While writing his novel, Afterlife, Monette met television producer Stephen Kolzak, best known as the casting director for the TV show Cheers. Monette and Kolzak were partners for two years, until Kolzak's death from AIDS in September 1990, resulting in what Monette called his “second widowhood.”

Monette's final years, before his own AIDS-related death, are chronicled in the film Paul Monette: The Brink of Summer's End by Monte Bramer and Lesli Klainberg. "By the end of his life, Monette had healed most of his psychic wounds, but his rage persisted." He said, "go without hate, but not without rage; heal the world." He had tried to use his rage to heal the world through his writing and activism. Monette died in Los Angeles, where he lived with his partner of five years, Winston Wilde. Monette was survived by Wilde; his father, Paul Monette Sr.; and his brother, Robert L. Monette. Horwitz and Monette are buried alongside each other at Forest Lawn in Los Angeles, California.
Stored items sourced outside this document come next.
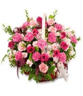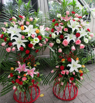 白+粉百合6朵,30支紅色扶郎花,10支粉色扶郎花,16支黃色扶郎花,黃鶯,散尾葵等豐滿搭配。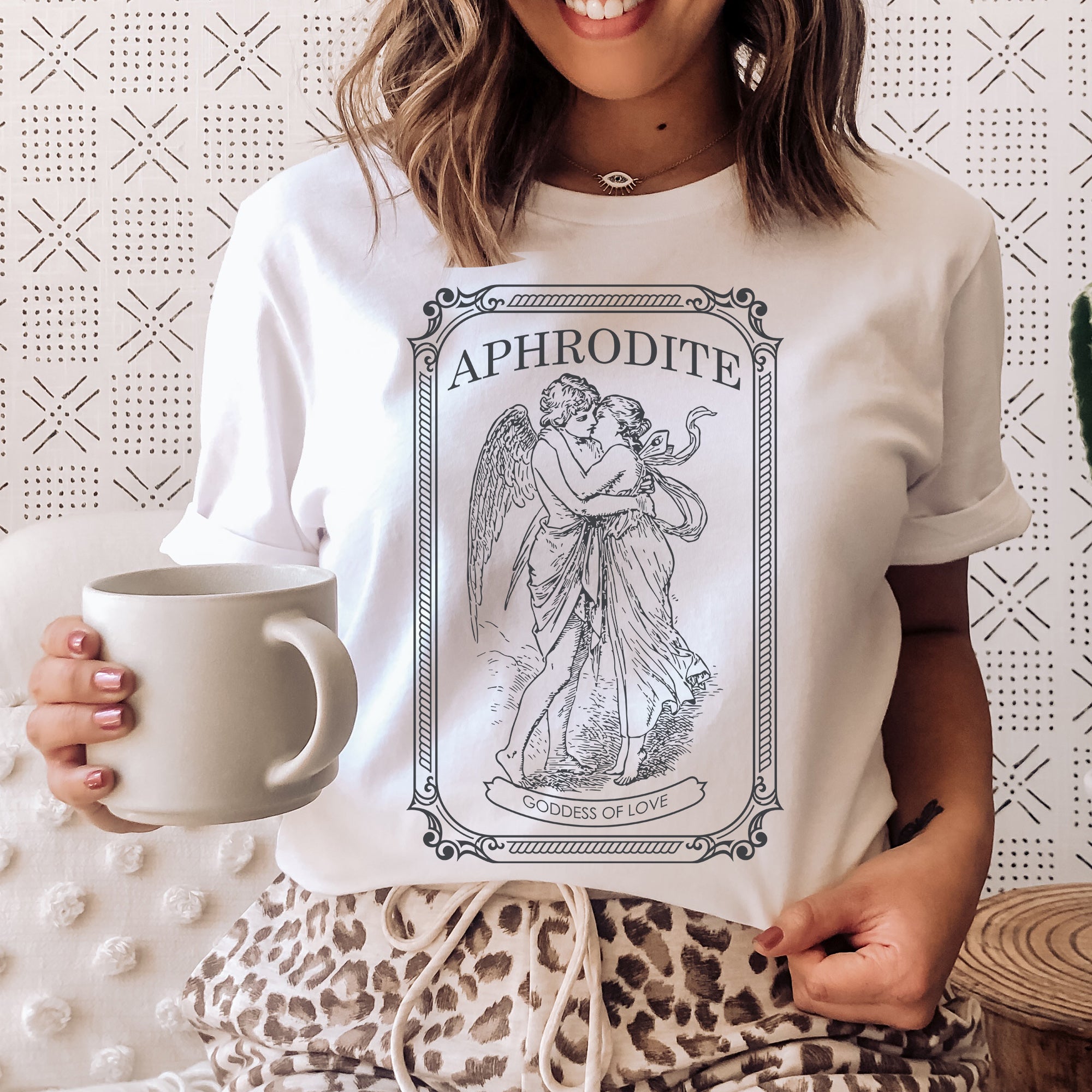 Aphrodite Greek Goddess bookish shirt is the perfect gift idea for greek mythology lovers, book nerds, bookworms, literature teachers, librarians, readers, and writers.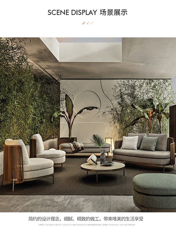 Diseñador de sofá al aire libre nórdico silla de lujo ligera trenzada de caña villa área de alojamiento residencial hotel patio área de ocio muebles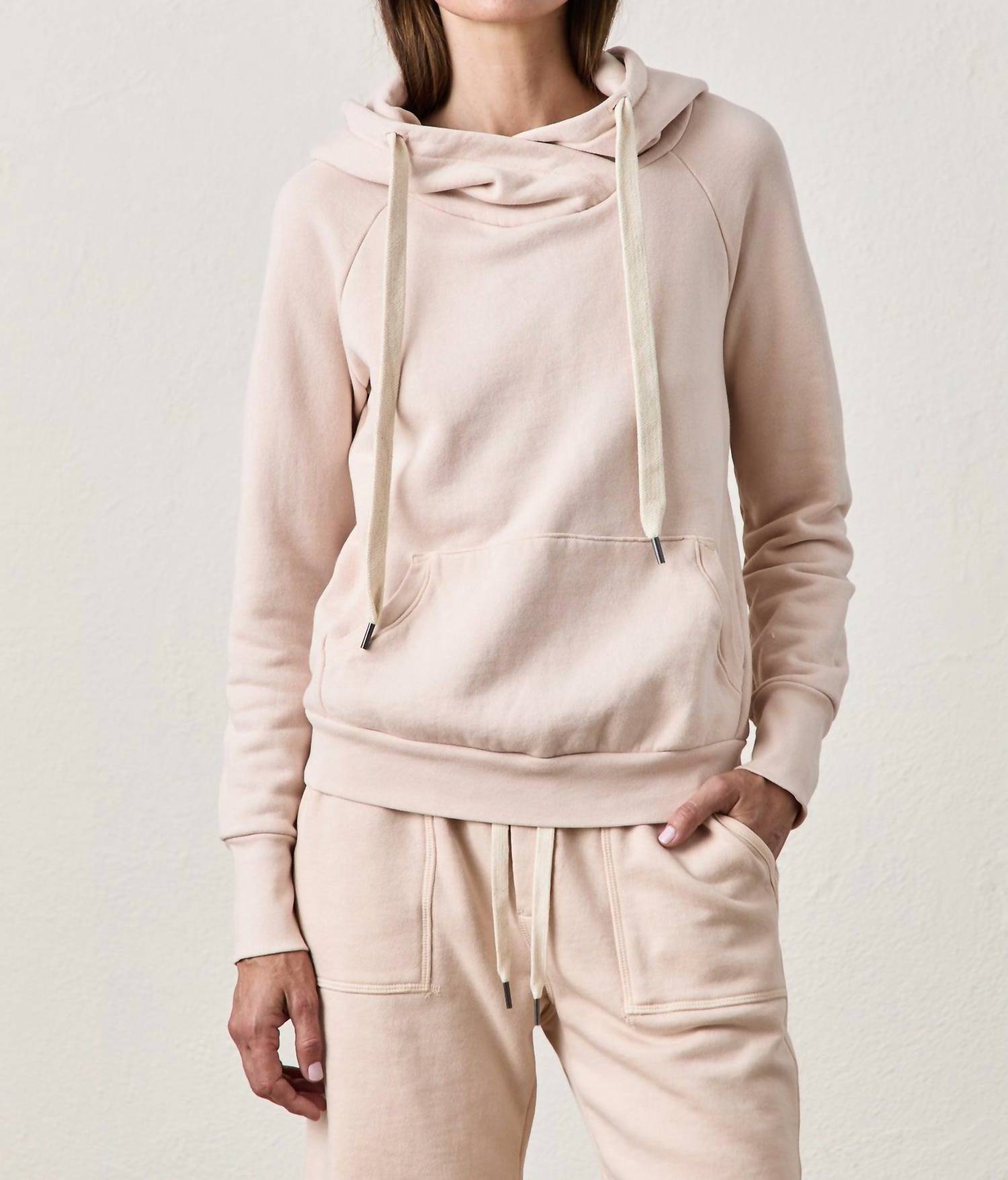 Cooler temps call for layering and we love this adorable sweatshirt for all the obvious reasons. Experience the perfect blend of comfort and style with the Lisse Fitted Pullover Hoody from NSF in an elegant Pearl hue. This long-sleeve sweatshirt is crafted from 100% cotton French terry, offering both softness and breathability. Made in Los Angeles, it features a distinctive double hood detail, a slim fit with a slightly cropped body, and a functional front pocket. With its pull-on closure, this minimalist piece is effortlessly chic for any occasion from casual outings to dinner parties.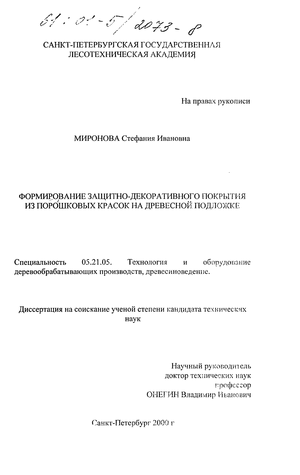 Место проведения. Работа выполнена на кафедре технологии деревообработки Санкт-Петербургской государственной лесотехнической академии. Экспериментальная часть проведена в Санкт-Петербургском государственном технологическом институте (технический университет) на кафедре органических покрытий. Выражаю благодарность кафедрам за предоставленную возможность по выполнению работы. Особенно признательна канд. хим. наук Мусихину В. Л. за помощь.
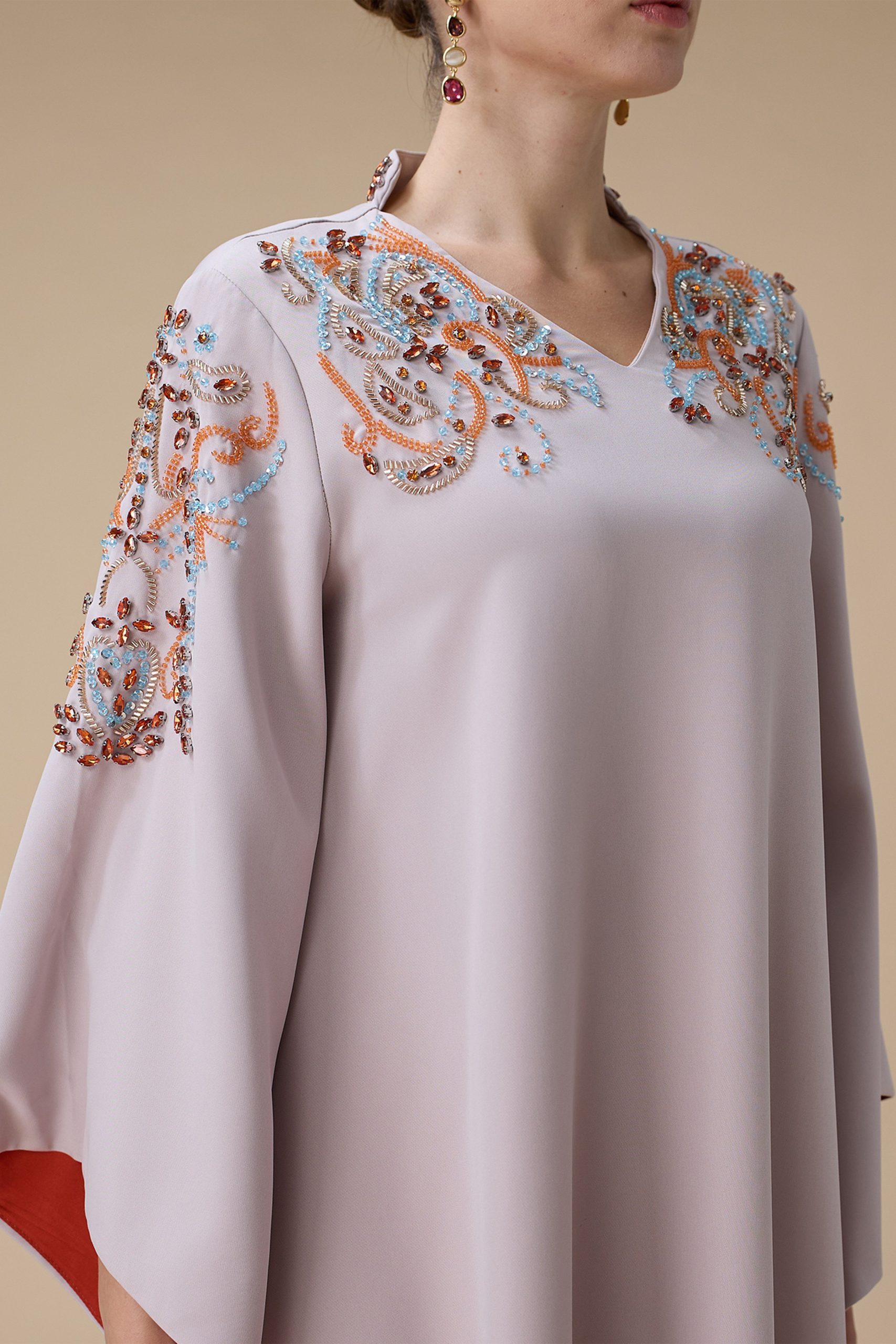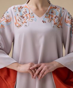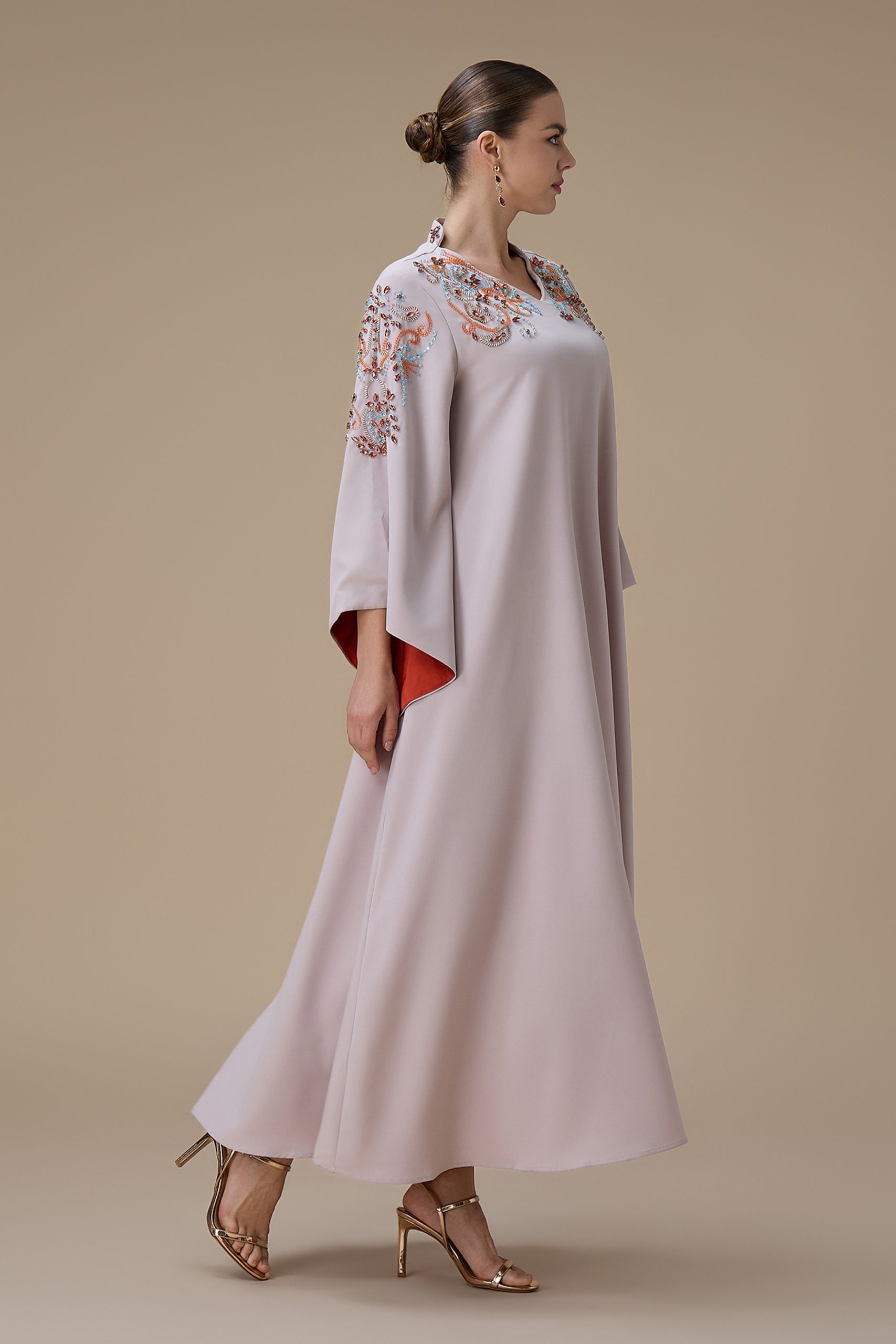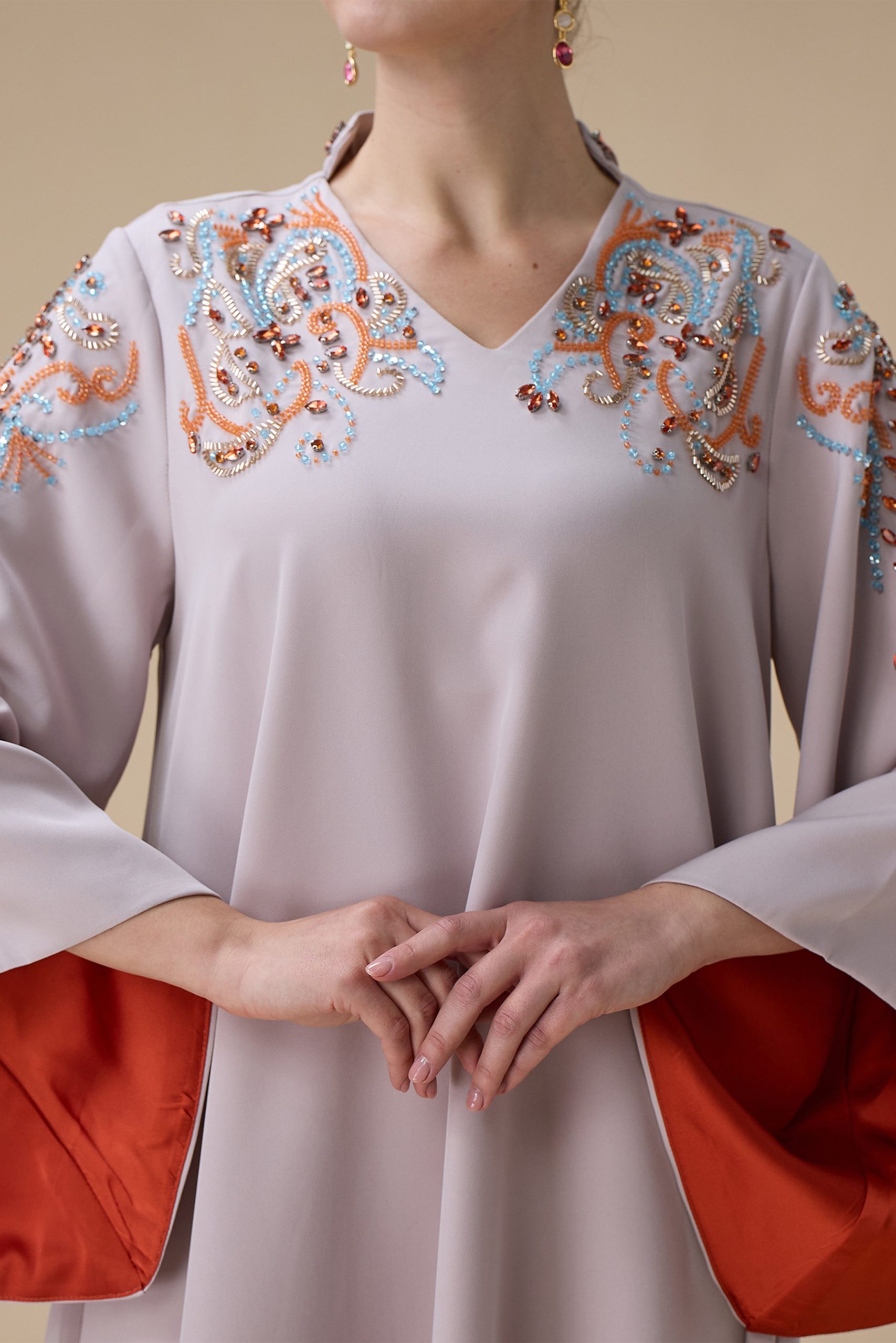 دار الجلابية – عباية كتان بكلفة و تطريز ترتر علي الكم

==The Monette–Horwitz Trust==
Shortly before his death in 1995, Monette established the Monette-Horwitz Trust to commemorate his relationship with Roger Horwitz and to support future LGBT activism and scholarship. Monette's brother, Robert Monette, served as the appointed Trustee until his death in 2015,
and his sister-in-law, Brenda Monette, serves as the current trustee.

Monette–Horwitz Trust Awards are given annually to individuals and organizations for their contribution to eradicating homophobia through their literary, scholarly, archival, or activist work. The award's eight-member advisory committee includes Monette's surviving partner, Winston Wilde and the writer Terry Wolverton. The Lesbian Herstory Archives and the June L. Mazer Lesbian Archives received the inaugural Monette-Horwitz Trust Awards in 1998. Other organizations which have since been recipients include Athlete Ally, Naz Foundation India and the Addison Gallery of American Art. Among the individuals who have received the award are Sunil Pant, Lillian Faderman, Allan Bérubé and Leslie Feinberg.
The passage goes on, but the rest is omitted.